Sep 17, 2008 21:39
Today was the second day of runs for the first group of people running. Today was also the day I needed to clean up my car, get stickers on it, and get it tech inspected (make sure the car is healthy enough to run).
Nugget and I slept in, which was fantastic. We made it out to the site around 10:00 AM, lazy us. Tomorrow, I need to be there much earlier, as I need to work first heat. After I work, I'll be changing the tires on my car, making sure my helmet has all the right stickers, and figuring out where my car needs to be for grid. I also need to walk the course - hopefully at least once in the morning before starting to work and at least once between heats 2 and 3 (when the course opens for walking again).

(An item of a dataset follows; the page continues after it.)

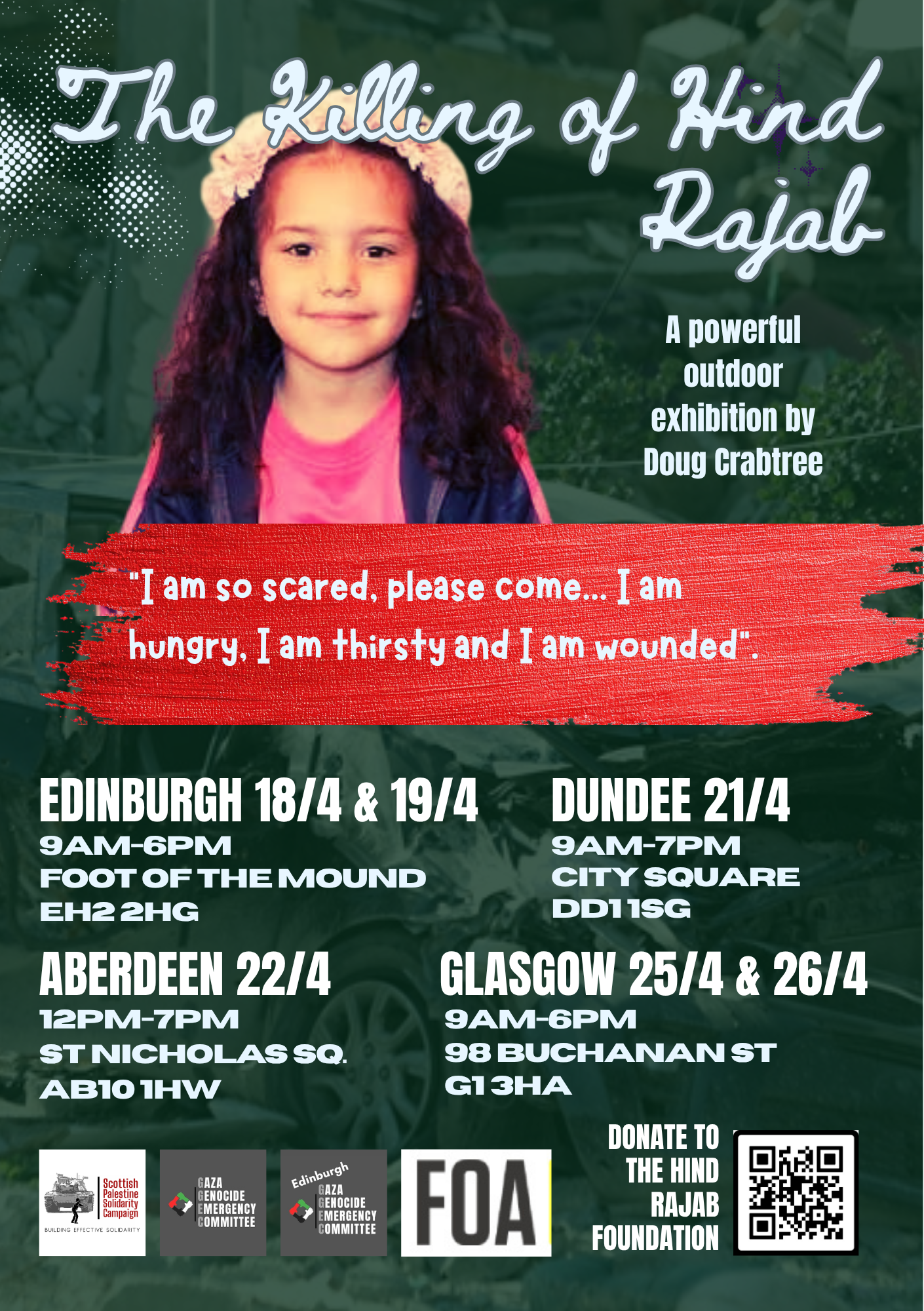 Apr 25 09:00 - 18:00 Glasgow: The Killing of Hind Rajab National Tour 98 Buchanan Street Glasgow Event Details Get Directions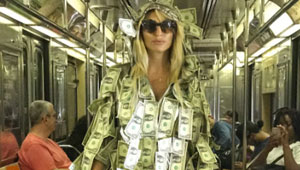 صور عارضة أزياء أرجنيتية ترتدي فستانا من الدولارات

I'm excited, eager, nervous, scared, enthusiastic, impatient... I remembered, last night, on the drive back to the hotel, the sheer joy of throwing my car around a course, playing with the car, playing with the course, not worrying about my time. I need to latch on to that, grab hold of it. I need to keep that joy with me and feel that joy on my runs, rather than feeling like I need to do things right. I've had a lot of kind words from a lot of people. So many have told me I could do well at this event. So many have told me I'm good at this. They mean well, but this makes me feel like there are high expectations of me. I need to stop feeling like this is a test and start enjoying it.